- _Records supplied_
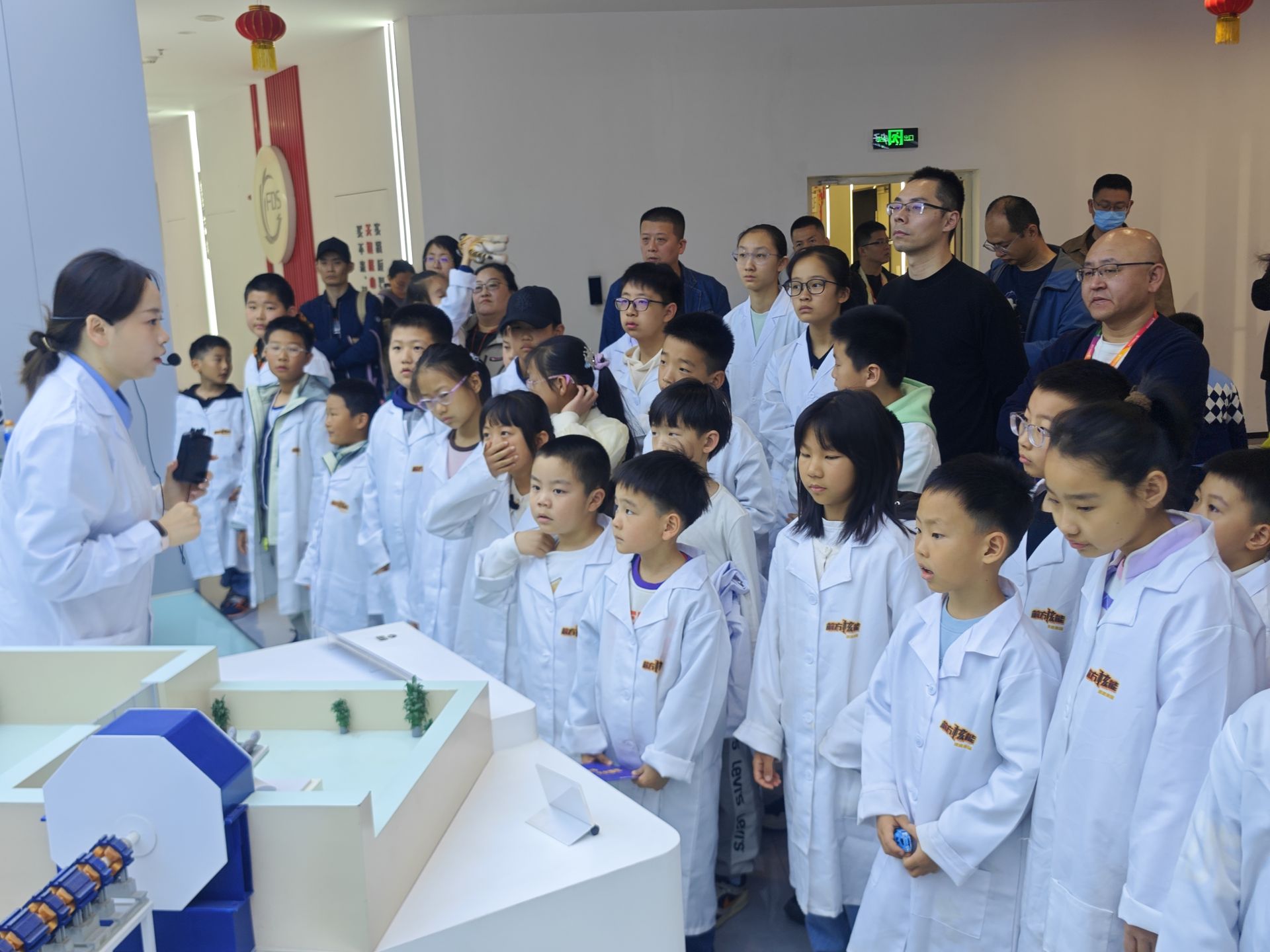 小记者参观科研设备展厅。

---

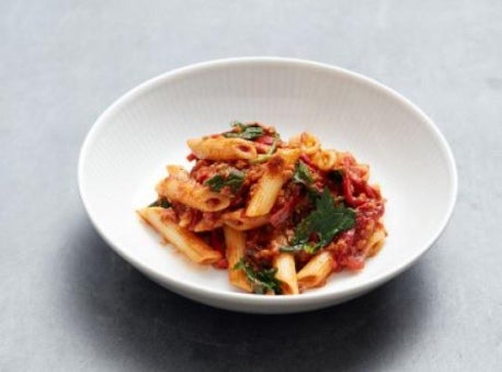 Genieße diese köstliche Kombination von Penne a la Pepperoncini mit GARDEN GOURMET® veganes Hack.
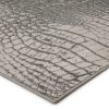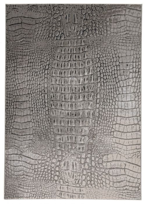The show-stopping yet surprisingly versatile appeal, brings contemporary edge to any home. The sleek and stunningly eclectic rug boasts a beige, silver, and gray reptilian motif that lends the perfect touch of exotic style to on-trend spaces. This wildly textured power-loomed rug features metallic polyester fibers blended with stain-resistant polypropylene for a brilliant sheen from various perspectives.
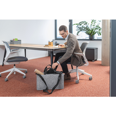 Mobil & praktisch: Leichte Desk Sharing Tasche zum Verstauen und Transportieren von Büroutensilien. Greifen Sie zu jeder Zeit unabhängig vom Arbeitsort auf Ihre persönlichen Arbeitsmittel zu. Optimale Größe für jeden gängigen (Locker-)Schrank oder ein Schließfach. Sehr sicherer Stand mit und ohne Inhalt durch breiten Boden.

- _Work instruction_
Within the listing above, print exactly the stretch beginning at the line that contains "The show-stopping yet" and finishing at the line that contains "Mobil & praktisch: Leichte", ends kept, pictures left out, and nothing more.

- _Reply to the exercise_
The show-stopping yet surprisingly versatile appeal, brings contemporary edge to any home. The sleek and stunningly eclectic rug boasts a beige, silver, and gray reptilian motif that lends the perfect touch of exotic style to on-trend spaces. This wildly textured power-loomed rug features metallic polyester fibers blended with stain-resistant polypropylene for a brilliant sheen from various perspectives.
 Mobil & praktisch: Leichte Desk Sharing Tasche zum Verstauen und Transportieren von Büroutensilien. Greifen Sie zu jeder Zeit unabhängig vom Arbeitsort auf Ihre persönlichen Arbeitsmittel zu. Optimale Größe für jeden gängigen (Locker-)Schrank oder ein Schließfach. Sehr sicherer Stand mit und ohne Inhalt durch breiten Boden.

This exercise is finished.